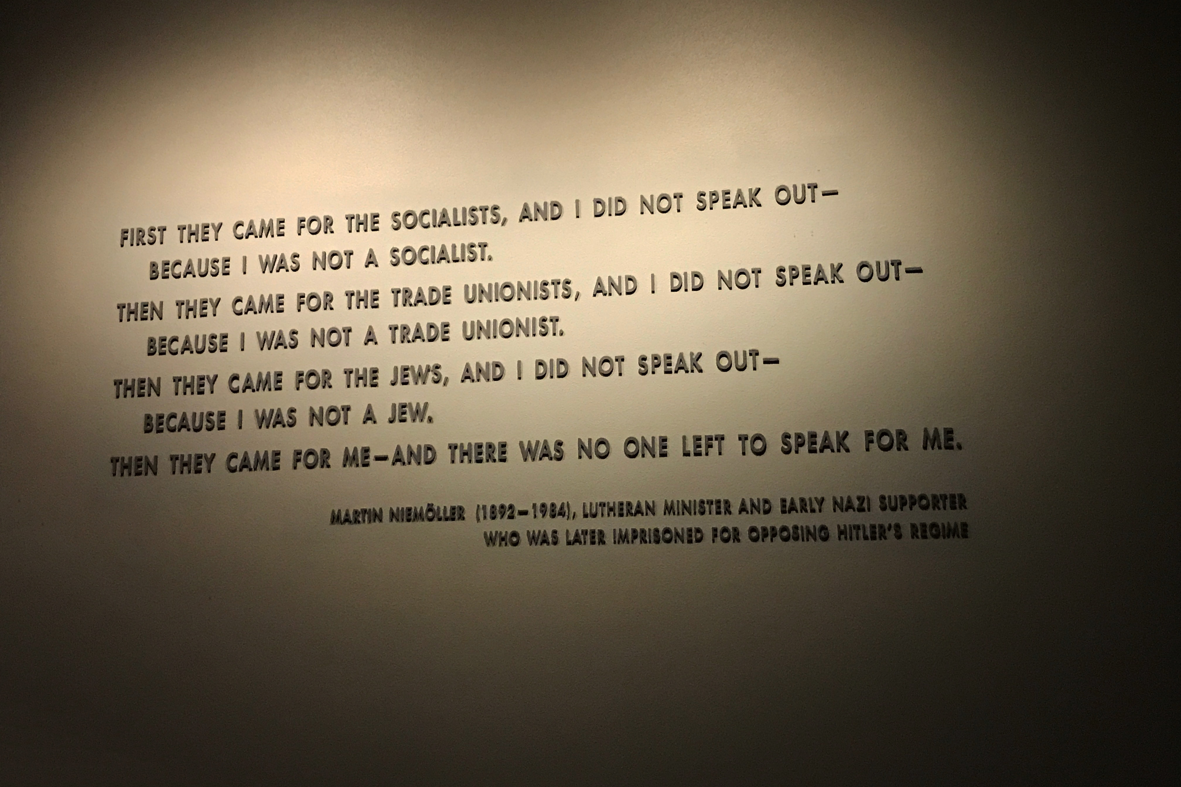 Sadly, this means that the version in the United States Holocaust Memorial Museum, with its omission of “Communists” (above), is unfaithful—not only to the existing historical record but to the challenging spirit of the poem itself.
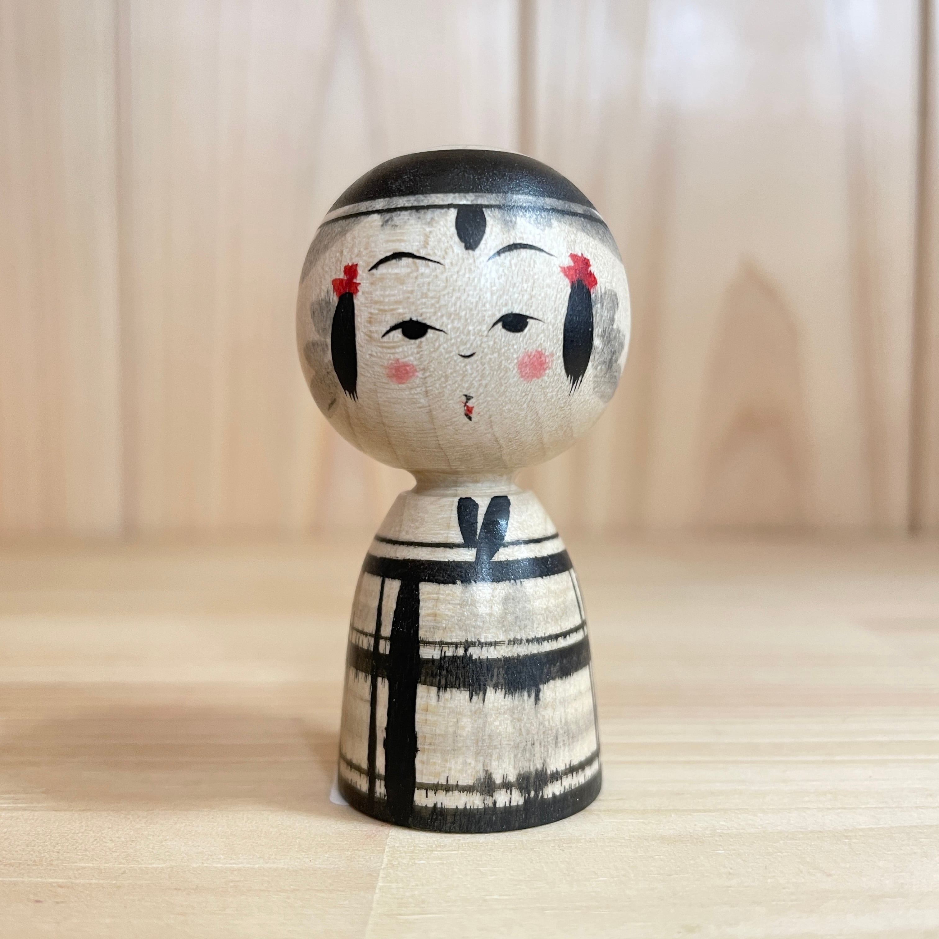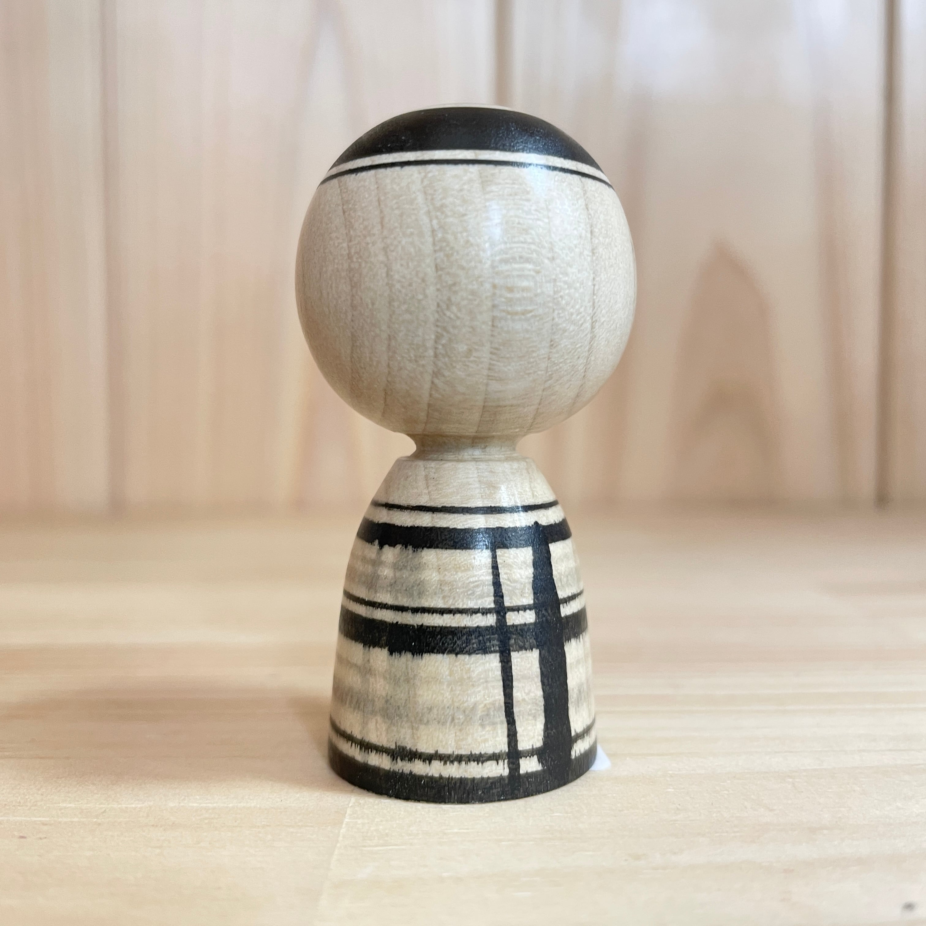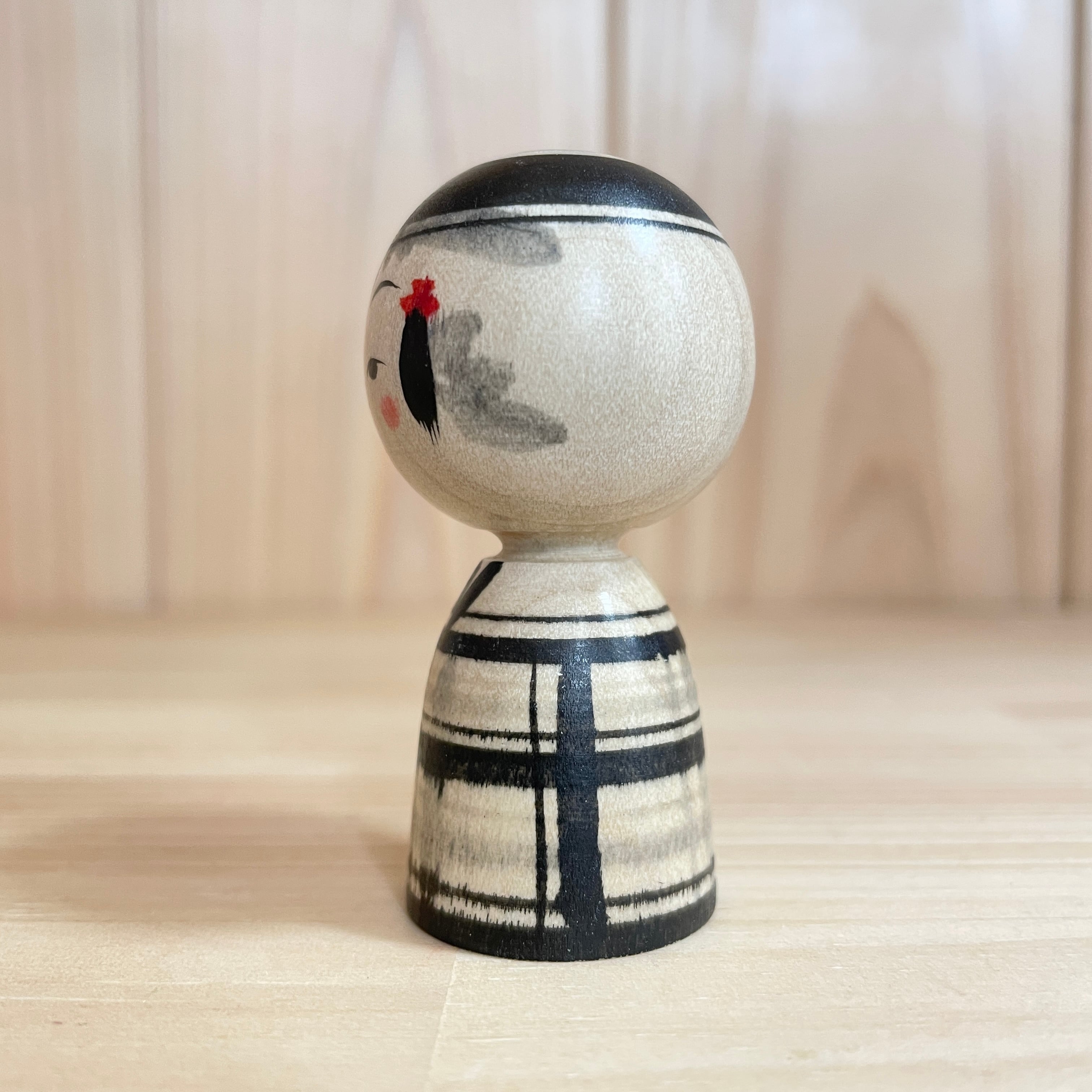 【池内潮音工人:弥治郎系】2寸 こけし 冬色チェック 黒:6cm N10SI-730
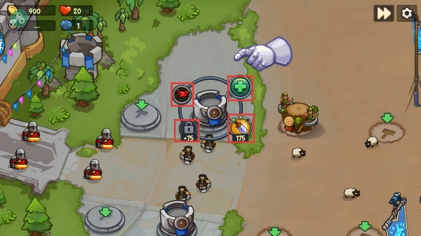 2、留意防御塔附近的功能标识,点击对应的按钮,就能升级或解锁塔的各项能力,让防御变得更稳固哦。

····················

What is required
Retype the listing exactly. Leave the pictures out.

Solution to the problem
 Sadly, this means that the version in the United States Holocaust Memorial Museum, with its omission of “Communists” (above), is unfaithful—not only to the existing historical record but to the challenging spirit of the poem itself.
 【池内潮音工人:弥治郎系】2寸 こけし 冬色チェック 黒:6cm N10SI-730
 2、留意防御塔附近的功能标识,点击对应的按钮,就能升级或解锁塔的各项能力,让防御变得更稳固哦。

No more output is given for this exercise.